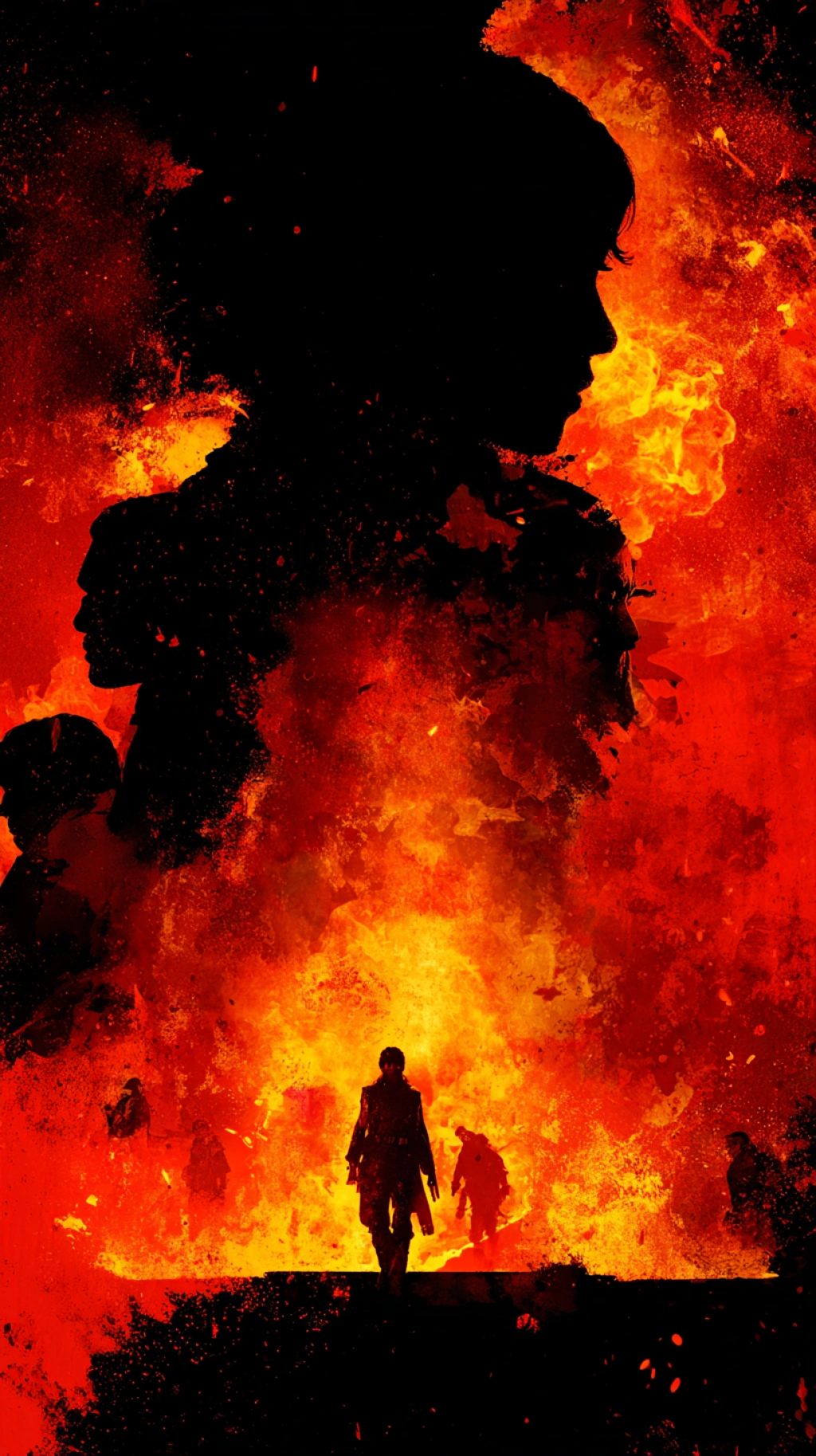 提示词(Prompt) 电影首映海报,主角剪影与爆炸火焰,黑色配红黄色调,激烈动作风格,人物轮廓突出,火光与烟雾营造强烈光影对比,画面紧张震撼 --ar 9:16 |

....

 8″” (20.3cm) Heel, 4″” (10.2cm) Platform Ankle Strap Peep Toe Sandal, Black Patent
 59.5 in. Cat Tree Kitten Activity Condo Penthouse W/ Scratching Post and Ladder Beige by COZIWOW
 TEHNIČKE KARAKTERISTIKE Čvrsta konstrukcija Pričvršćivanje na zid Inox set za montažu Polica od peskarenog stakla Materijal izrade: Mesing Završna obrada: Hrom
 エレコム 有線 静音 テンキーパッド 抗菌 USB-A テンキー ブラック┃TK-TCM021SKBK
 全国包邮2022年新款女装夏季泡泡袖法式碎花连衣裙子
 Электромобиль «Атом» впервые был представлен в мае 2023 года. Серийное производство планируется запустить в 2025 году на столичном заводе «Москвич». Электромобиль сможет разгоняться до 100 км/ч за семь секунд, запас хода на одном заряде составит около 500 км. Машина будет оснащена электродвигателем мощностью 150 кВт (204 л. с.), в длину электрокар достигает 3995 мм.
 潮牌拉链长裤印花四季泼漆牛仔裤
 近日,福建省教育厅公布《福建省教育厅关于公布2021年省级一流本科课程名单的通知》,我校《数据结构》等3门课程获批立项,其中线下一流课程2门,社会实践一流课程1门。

....

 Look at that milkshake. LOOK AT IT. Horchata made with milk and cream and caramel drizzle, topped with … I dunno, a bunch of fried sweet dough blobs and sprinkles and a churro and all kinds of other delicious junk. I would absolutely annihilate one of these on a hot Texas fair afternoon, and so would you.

....

THE TASK -> From the entries above, print the lines beginning at the one with "59.5 in. Cat" and stopping after the one with "近日,福建省教育厅公布《福建", exactly as written and with nothing else.

WRITTEN ANSWER ->
 59.5 in. Cat Tree Kitten Activity Condo Penthouse W/ Scratching Post and Ladder Beige by COZIWOW
 TEHNIČKE KARAKTERISTIKE Čvrsta konstrukcija Pričvršćivanje na zid Inox set za montažu Polica od peskarenog stakla Materijal izrade: Mesing Završna obrada: Hrom
 エレコム 有線 静音 テンキーパッド 抗菌 USB-A テンキー ブラック┃TK-TCM021SKBK
 全国包邮2022年新款女装夏季泡泡袖法式碎花连衣裙子
 Электромобиль «Атом» впервые был представлен в мае 2023 года. Серийное производство планируется запустить в 2025 году на столичном заводе «Москвич». Электромобиль сможет разгоняться до 100 км/ч за семь секунд, запас хода на одном заряде составит около 500 км. Машина будет оснащена электродвигателем мощностью 150 кВт (204 л. с.), в длину электрокар достигает 3995 мм.
 潮牌拉链长裤印花四季泼漆牛仔裤
 近日,福建省教育厅公布《福建省教育厅关于公布2021年省级一流本科课程名单的通知》,我校《数据结构》等3门课程获批立项,其中线下一流课程2门,社会实践一流课程1门。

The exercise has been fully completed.